L’attaque a eu lieu à Djeddah, dans le cimetière non musulman. Plusieurs blessés sont à déplorer, selon le Quai d’Orsay, qui n’a pas communiqué de bilan officiel.

Le 29 octobre dernier, un vigile du consulat français à Djeddah, en Arabie saoudite, avait été blessé au couteau par un assaillant, qui avait été maîtrisé. C’est de nouveau dans cette ville qu’un attentat a eu lieu lors des commémorations du 11 Novembre. Plusieurs personnes ont été blessées dans un attentat à l’explosif mercredi au cimetière non musulman de Djeddah, ville de l’ouest de l’Arabie saoudite, lors d’une cérémonie commémorant l’armistice du 11 novembre 1918, a annoncé le ministère français des Affaires étrangères.

« La cérémonie annuelle commémorant la fin de la Première Guerre mondiale au cimetière non musulman de Djeddah, associant plusieurs consulats généraux dont le consulat de France, a été la cible d’une attaque à l’engin explosif ce matin, qui a causé plusieurs blessés », a indiqué le Quai d’Orsay, sans plus de précisions sur l’identité et la nationalité des victimes. « La France condamne fermement ce lâche attentat que rien ne saurait justifier », a ajouté la diplomatie française.
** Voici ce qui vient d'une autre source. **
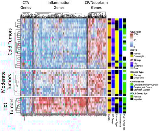 Unsupervised analysis of the gene expression data revealed three distinct patient clusters, namely, hot, moderate, and cold (Figure 2). As expected, hot tumors were over-represented by >250 immune-related genes (inflammation gene cluster), and 6/8 (75%) of the patients in this cluster were overweight. On the other hand, cold tumors were over-represented by high cell proliferation and overexpression of cancer testis antigen genes, and 20/25 (80%) of the cases in this cluster were overweight. Across the entire cohort of 46 GEAC patients, the majority of cases were cold tumors (52.2%) and the minority of cases were hot tumors (17.4%; Table 1). Additionally, a plurality of cases were moderately proliferative (45.7%), while the minority were poorly proliferative (23.9%; Table 1).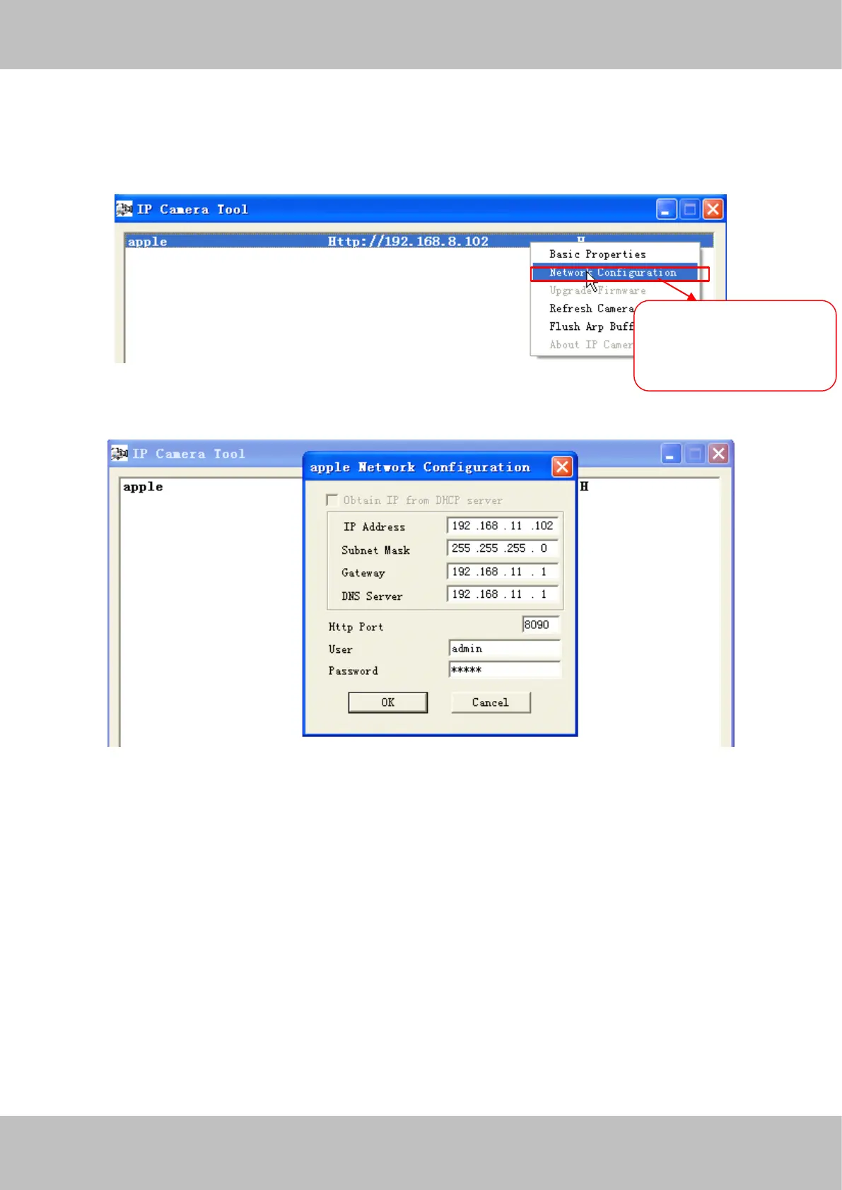 O pen the IP Camera T ool, select the camera you want to change the port no , right click on the IP

Colère après les propos d’Emmanuel Macron

Plusieurs pays, dont la France et la Belgique, célèbrent mercredi le 102e anniversaire de l’armistice conclu entre l’Allemagne et les Alliés, qui marqua la fin de la Première Guerre mondiale. Des propos du président français Emmanuel Macron sur le droit à la caricature au nom de la liberté d’expression ont déclenché la colère au Moyen-Orient, et plus largement dans le monde musulman. Emmanuel Macron avait promis de ne pas « renoncer aux caricatures » lors d’un hommage national au professeur Samuel Paty, décapité par un islamiste le 16 octobre pour avoir montré des caricatures du prophète Mahomet dans un cours sur la liberté d’expression.

Dans certains pays à majorité musulmane, des fidèles ont réagi avec colère aux propos d’Emmanuel Macron, dont des portraits ont été brûlés lors de manifestations, et une campagne a été lancée pour boycotter les produits français. Le président français a tenté d’apaiser la colère qui monte dans le monde musulman en assurant comprendre, dans un entretien à la chaîne Al-Jazira, que des musulmans puissent être « choqués » par les caricatures de Mahomet, tout en dénonçant les « manipulations » et « la violence ».
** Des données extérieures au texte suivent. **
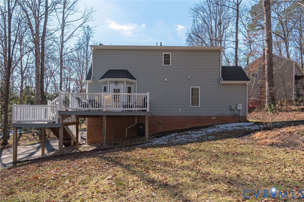 Welcome to this beautifully updated 4 bedroom 2 bath home in the Midlothian area of Chesterfield County located in the established Deer Run community offering 1,554 sq ft of move in ready living space on a spacious .45 acre lot with no HOA. The functional layout features both first floor and second floor primary bedroom options. The first floor primary includes a renovated bath with a large walk in shower. A second bedroom is also located on the first floor with two additional spacious bedrooms upstairs. The kitchen was fully renovated in 2019 with quartz countertops, upgraded cabinetry, new kitchen appliances, and a breakfast bar open to the Great Room creating an ideal flow for everyday living. A secondary washer and dryer hookup on the first floor adds convenience and flexibility. Major improvements have already been completed including a new roof, vinyl siding, new Pella windows, renovated bathrooms, flooring, and interior paint as part of the 2019 renovation. More recent updates include new HVAC in 2023, new hardwood floors on the first floor and whole house interior paint in 2024, plus a newly built 10 x 20 insulated shed. Additional improvements include attic fan, bathroom exhaust fans, disposal, and fresh bathroom paint in 2026. Hot water heater replaced in 2018. Exterior features include a 36 foot front porch, 16 x 14 rear deck, carport, huge paved driveway, and private backyard setting. Fully updated with major systems already replaced, offering space, privacy, and no HOA restrictions in one of Midlothian's most established neighborhoods.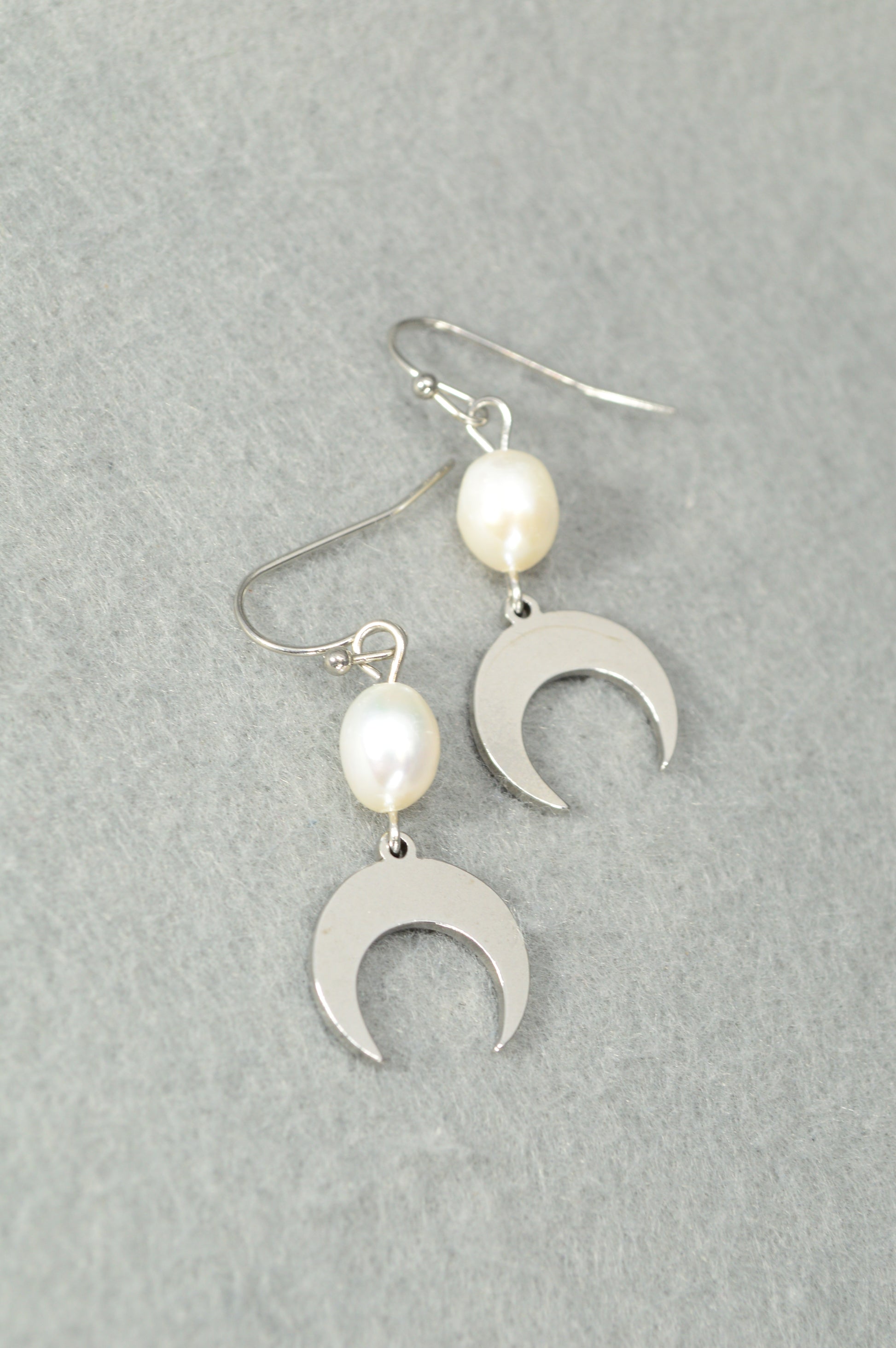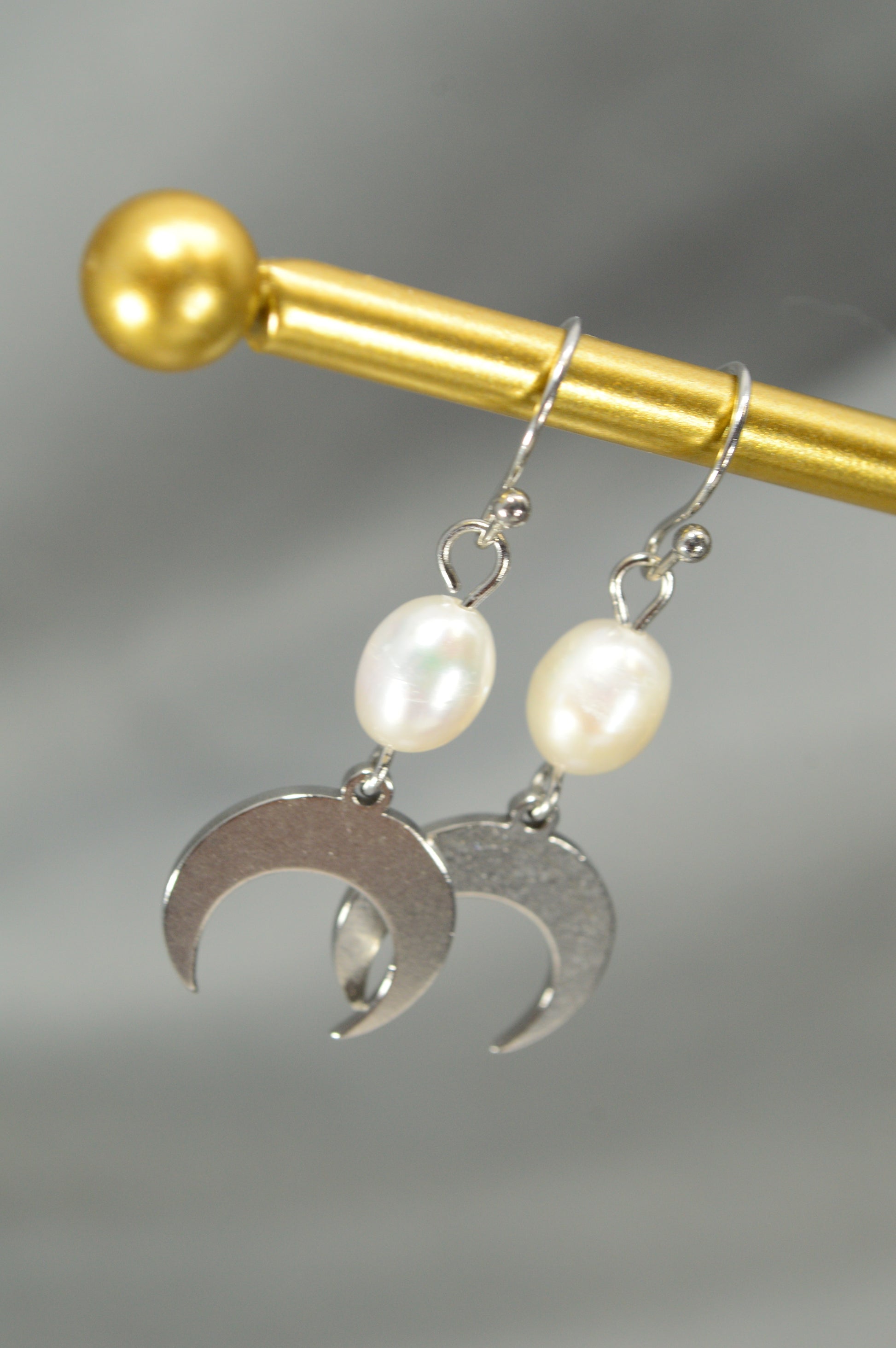 Elegant celestial earrings featuring polished stainless steel crescent moon charms paired with natural freshwater pearls. The combination of smooth silver-tone metal and soft pearl glow creates a delicate, feminine look with a modern touch. Lightweight and comfortable for everyday wear, yet stylish enough for special occasions. Perfect for moon lovers, minimalists, and anyone who enjoys simple jewelry with a touch of magic.

La France, l’Autriche, l’Allemagne et l’Union européenne (UE) ont tenu un mini-sommet par visioconférence mardi pour tenter de muscler la réponse européenne au terrorisme, après les derniers attentats en France et à Vienne. Le royaume saoudien, critiqué pour sa promotion d’un islam rigoriste, le wahhabisme, tente pour sa part de se présenter sous un nouveau jour, avec des réformes sociales libérales entreprises ces dernières années sous l’impulsion de Mohammed ben Salmane, qui a dans le même temps accentué la répression des voix dissidentes depuis son accession au statut de prince héritier en 2017.